Beefy Boxes and Bandwidth Generously Provided by pair Networks
There's more than one way to do things
 
PerlMonks  

Why doesn't this die with "Can't use an undefined value as an ARRAY reference"?"

by kikuchiyo (Hermit)
on Oct 18, 2017 at 17:49 UTC ( [id://1201610]=perlquestion: print w/replies, xml ) Need Help??

kikuchiyo has asked for the wisdom of the Perl Monks concerning the following question:

Consider the following script:

#!/usr/bin/perl use strict; use warnings; use Test::More; use Data::Dumper; my $hash = { '50' => [ 1 ] }; print Dumper $hash; is(keys %{$hash}, 1, q/keys %{$hash} is 1/); is(scalar @{$hash->{'50'}}, 1, q/$hash->{'50'} is 1/); is(scalar @{$hash->{'100'}}, 0, q/$hash->{'100'} is 0/); print Dumper $hash; done_testing();

With Perl 5.24.3 it runs to the end and all tests pass, even though I would expect that it dies with an "Can't use an undefined value as an ARRAY reference" error when it tries to dereference $hash->{'100'} which indeed does not exist.

Compare with

#!/usr/bin/perl use strict; use warnings; my $hash = { '50' => [ 1 ] }; print scalar @{$hash->{'100'}};

which dies with the expected error.

Under Perl 5.16 the first program also dies with the expected error. (This is how we initially noticed the problem: a program that was developed on 5.22+ needed to be ported to Centos 7 which has 5.16, and the tests began to fail there.)

What is going on here?

(Errata: Now I've ran with more Perl versions (perversions), and it doesn't die under perl 5.22 and above, but dies as expected under perl 5.20 and below)

Replies are listed 'Best First'.
Re: Why doesn't this die with "Can't use an undefined value as an ARRAY reference"?"
by haukex (Archbishop) on Oct 18, 2017 at 18:57 UTC

    Interesting... a minimal test case is the following, which throws the "Can't use an undefined value as an ARRAY reference" error in all Perl releases from 5.6 to 5.20, but doesn't cause an error in Perl 5.22 thru 5.26.

    $ perl -wMstrict -le 'sub x{} my $h={50=>[1]}; x(scalar @{$h->{100}})'

    It apparently has something to do with that specific call, since the following two always fail:

    $ perl -wMstrict -le 'sub x{} my $h={50=>[1]}; x(0+@{$h->{100}})' Can't use an undefined value as an ARRAY reference at -e line 1. $ perl -wMstrict -le 'my $h={50=>[1]}; print(scalar @{$h->{100}})' Can't use an undefined value as an ARRAY reference at -e line 1.
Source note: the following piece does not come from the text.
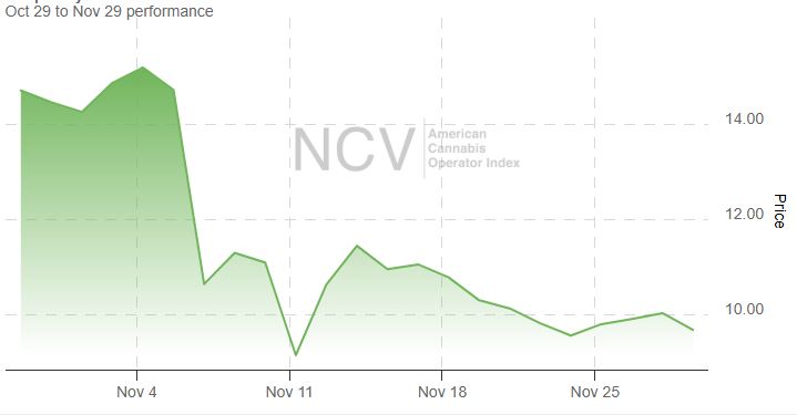The worst performing MSO in November was Ayr Wellness (OTC: AYRWF) (CSE: AYR.A), which lost 69.0% as it neared its all-time low price during the month. Glass House Brands (OTC: GLASF) (NEO: GLAS.A.U) was the strongest stock, falling 7.2%.
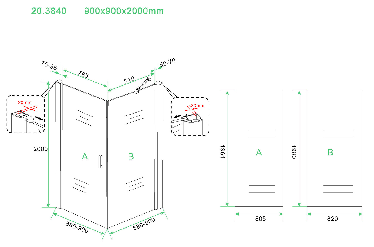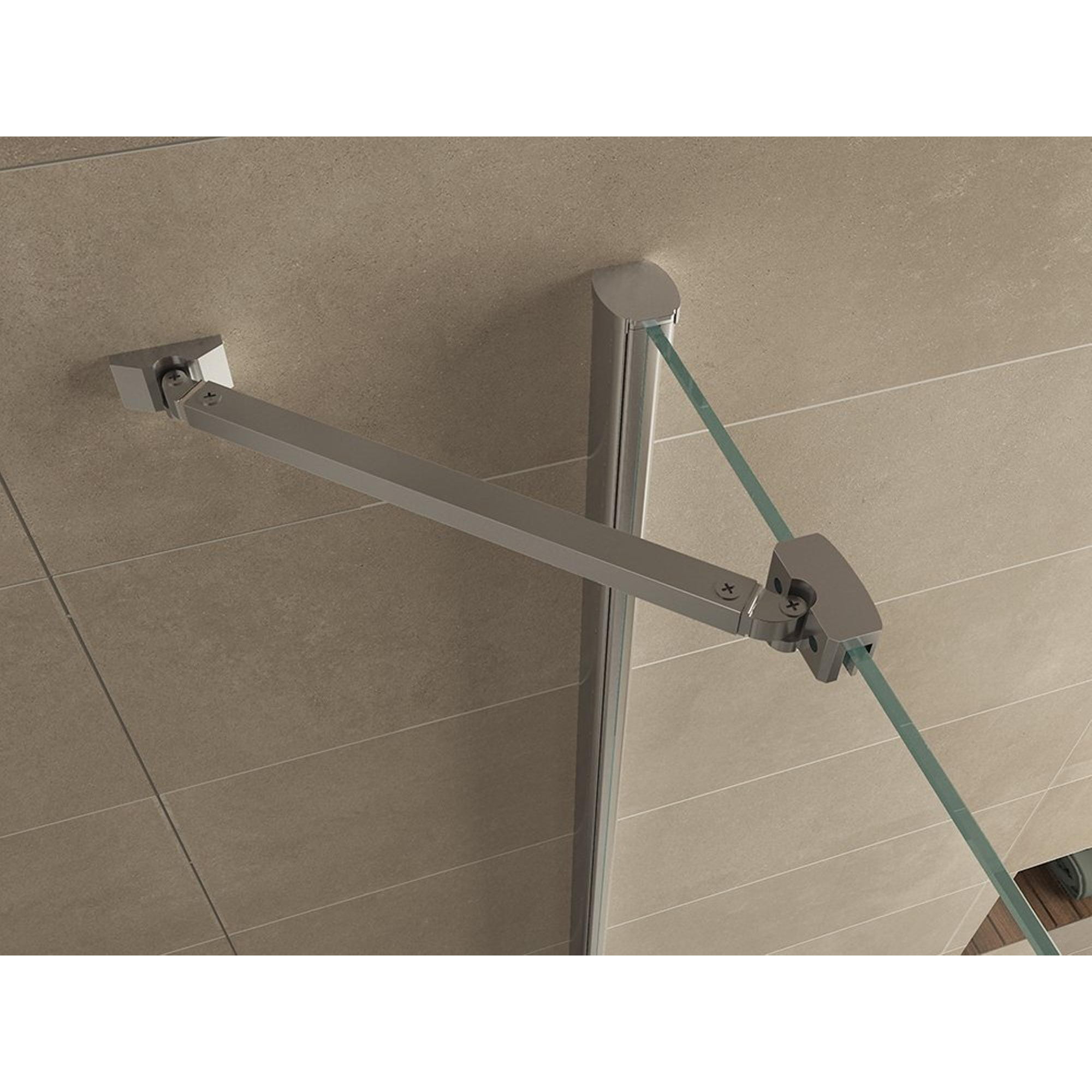 Deur 90cm, wand 90cm en 200cm hoog inclusief 2 chroom wand profielen welke 20mm aan beide zijden naar binnen verstelbaar zijn.

    A bisect boils this down to commit 569ddb4a: "scalar($#foo) needs to propagate lvalue context" and perl5220delta says: "scalar() now propagates lvalue context, so that for(scalar($#foo)) { ... } can modify $#foo through $_."

    The following two don't cause any failures on any release from 5.6 to 5.26, and in both cases cause the hash entry 100=>[] to autovivify:

    $ perl -wMstrict -le 'sub x {} my $h={50=>[1]}; x(@{$h->{100}})' $ perl -wMstrict -le 'sub x ($) {} my $h={50=>[1]}; x(@{$h->{100}})'

    So the change to scalar in 5.22 is simply passing the autovivification behavior through.

      Thanks for the investigation!

      Some additional observations:

      no autovivification qw/store/; causes the offending part (of your minimal example) to die with "Can't vivify reference at -e line 1.".

      Reading the autovivification module's documentation gave me a hint: lvalue context. Searching that led me to a Perlmonks article from 12 years ago: Autovivification of scalars in sub calls Those who don't know history are doomed to repeat it, apparently.

      The key phrase seems to be "arguments to subs are lvalues" and apparently this is a feature. Still, I find it surprising and confusing.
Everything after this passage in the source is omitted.